◆ Exercise goal:
Each entry below should be restated word for word, without any picture it contains.

· · · · · · ·

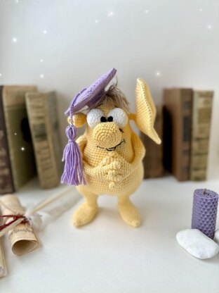 The toy is made from the wireframe, which will help to fix any desired position. He can bend his legs, arms, and fingers. He is very obedient and will gladly hold any light objects in his hands. The alien is a crocheted toy. There is a big square cap with a tassel on his head... He loves science, books, and make new friends. The big ear is a symbol of learning. You can give it to any schoolchild or student, as well as a teacher, as a gift. The crochet pattern consists of 28 pages and includes more than 70 photographs and charts. The height of the toy using the stated materials is about 24 cm/9.4 inches.
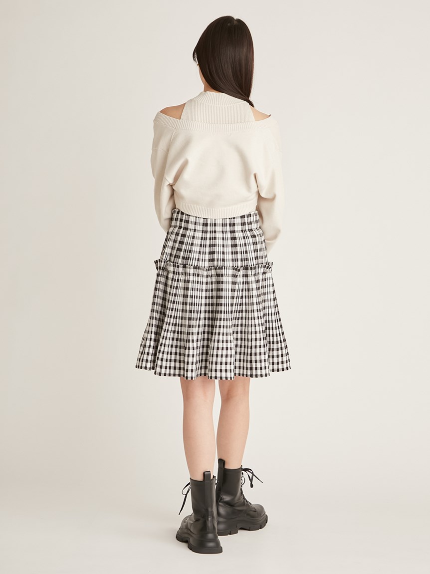 きれいめな質感のニットとリブニットを組み合わせました。淡い色合いがフェミニンなホワイト、ラメが入った、ベージュ、ピンクベージュの3色展開でお届けします。
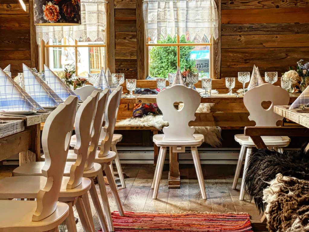 When you step inside, though, this picturesque moment becomes real. The alpine dining room invites you to become part of the image, to immerse yourself in a modern twist on the traditional that’ll make you feel as if you’ve painted into the scene.
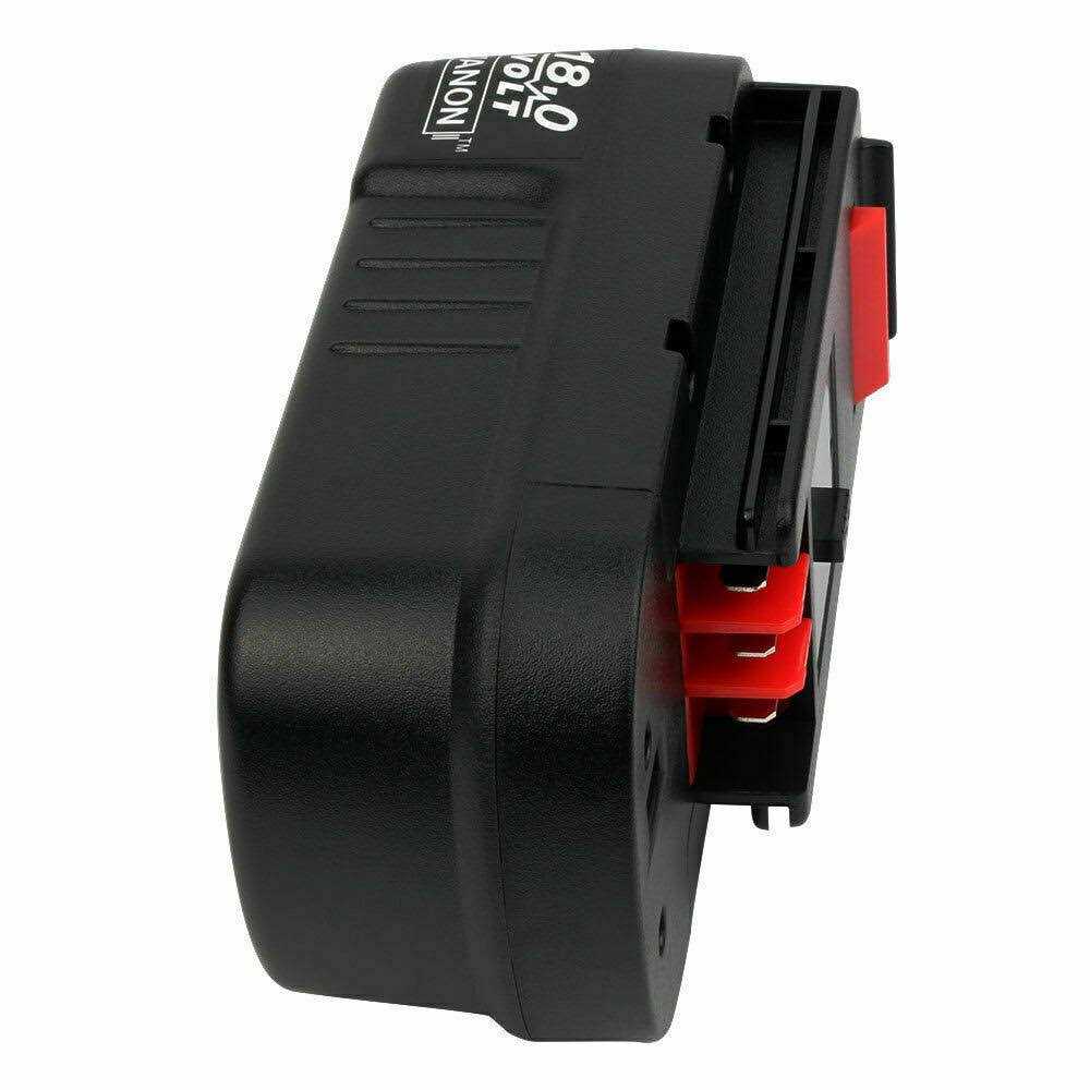 Snap-In Energy In A 18V Slide Battery Pack Whether you’re straightening out the yard putting serious work into the house or just want to be ready when that repair or job comes knocking always have the power on hand to finish the job right with the Black and Decker 18v slide battery pack. The 18v Single Source System puts long lasting energy in your hands whenever you need it. And keep a spare 18 volt battery in the charger so you’ll be ready for anything. Add this powerful battery to your tool kit and see how having one small extra battery makes a huge difference no matter which job you’re planning to tackle. Featuring a quick-change slide-in system loading the Single Source 18 volt battery into your tools takes seconds so you can switch between multiple tasks and activities without wasting time. Forget about dragging a cord around the yard or trying to get the perfect mixture of gas and oil just slip in a battery and get to work. No matter if you have hedges to trim weeds to whack dead limbs to take down or just want to get your pathways clean the Black and Decker 18V slide Battery Pack gives you the energy you need in any corner of your yard. And built tough you’ll get thousands of hours of work out of these durable nickel-cadmium batteries. So don’t get tangled in cords or risk spilling gasoline all over the garage. Give yourself the portable on demand power that you need whenever you need it. Add an extra Black and Decker 18v slide pack battery to your tool shed today and get the ready-to-go power that’ll get more done weekend after weekend.
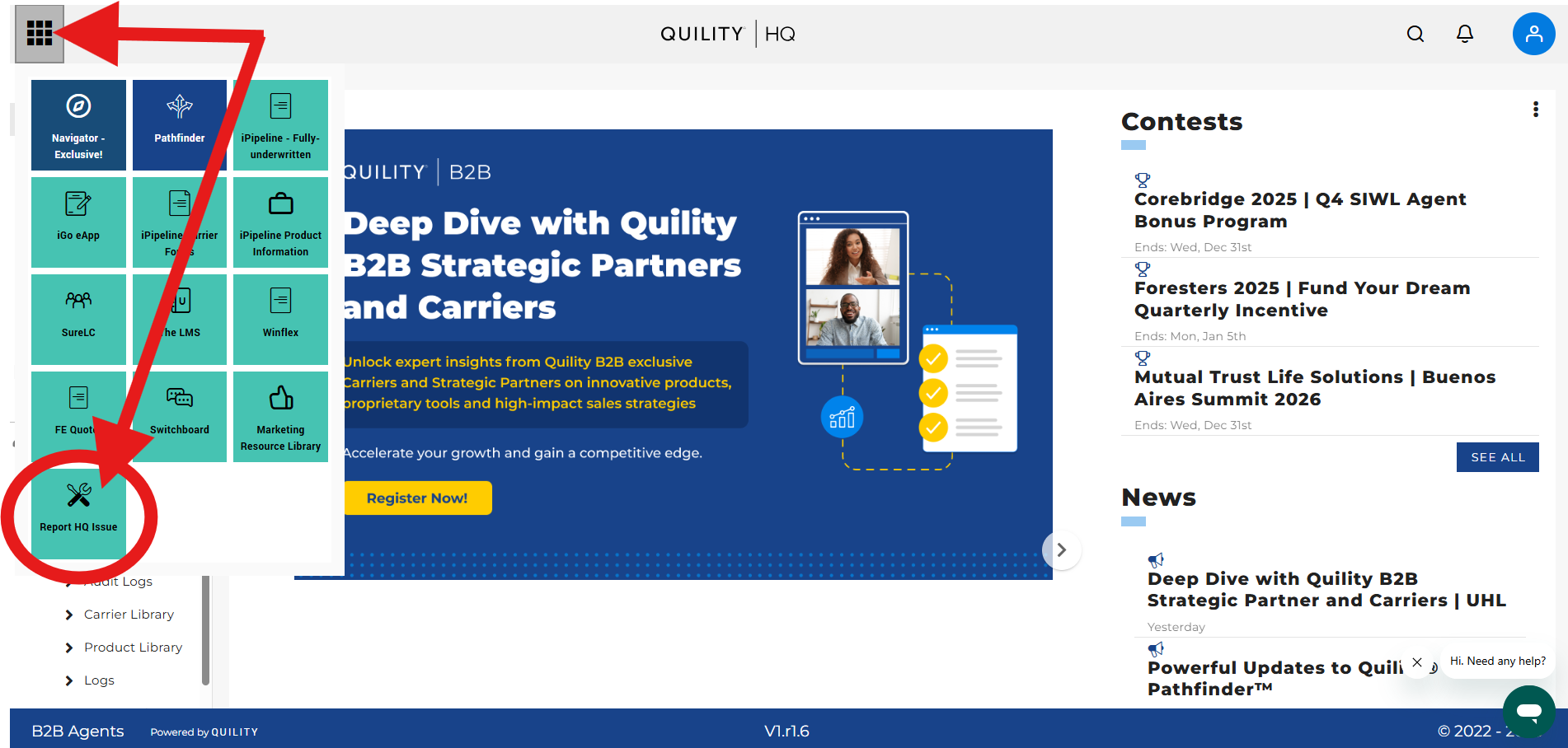 You are able to view your agency hierarchy to ensure all downline agents are present in HQ (screenshots provided at end of this article). If any agents are missing or if your agency's upline/downline information needs to be updated, you can submit a JotForm through HQ's top left corner 9-box grid, 'Report HQ Issue', and mark 'HQ Hierarchy Concern' with the necessary agency update details.

· · · · · · ·

◆ Solved exercise:
 The toy is made from the wireframe, which will help to fix any desired position. He can bend his legs, arms, and fingers. He is very obedient and will gladly hold any light objects in his hands. The alien is a crocheted toy. There is a big square cap with a tassel on his head... He loves science, books, and make new friends. The big ear is a symbol of learning. You can give it to any schoolchild or student, as well as a teacher, as a gift. The crochet pattern consists of 28 pages and includes more than 70 photographs and charts. The height of the toy using the stated materials is about 24 cm/9.4 inches.
 きれいめな質感のニットとリブニットを組み合わせました。淡い色合いがフェミニンなホワイト、ラメが入った、ベージュ、ピンクベージュの3色展開でお届けします。
 When you step inside, though, this picturesque moment becomes real. The alpine dining room invites you to become part of the image, to immerse yourself in a modern twist on the traditional that’ll make you feel as if you’ve painted into the scene.
 Snap-In Energy In A 18V Slide Battery Pack Whether you’re straightening out the yard putting serious work into the house or just want to be ready when that repair or job comes knocking always have the power on hand to finish the job right with the Black and Decker 18v slide battery pack. The 18v Single Source System puts long lasting energy in your hands whenever you need it. And keep a spare 18 volt battery in the charger so you’ll be ready for anything. Add this powerful battery to your tool kit and see how having one small extra battery makes a huge difference no matter which job you’re planning to tackle. Featuring a quick-change slide-in system loading the Single Source 18 volt battery into your tools takes seconds so you can switch between multiple tasks and activities without wasting time. Forget about dragging a cord around the yard or trying to get the perfect mixture of gas and oil just slip in a battery and get to work. No matter if you have hedges to trim weeds to whack dead limbs to take down or just want to get your pathways clean the Black and Decker 18V slide Battery Pack gives you the energy you need in any corner of your yard. And built tough you’ll get thousands of hours of work out of these durable nickel-cadmium batteries. So don’t get tangled in cords or risk spilling gasoline all over the garage. Give yourself the portable on demand power that you need whenever you need it. Add an extra Black and Decker 18v slide pack battery to your tool shed today and get the ready-to-go power that’ll get more done weekend after weekend.
 You are able to view your agency hierarchy to ensure all downline agents are present in HQ (screenshots provided at end of this article). If any agents are missing or if your agency's upline/downline information needs to be updated, you can submit a JotForm through HQ's top left corner 9-box grid, 'Report HQ Issue', and mark 'HQ Hierarchy Concern' with the necessary agency update details.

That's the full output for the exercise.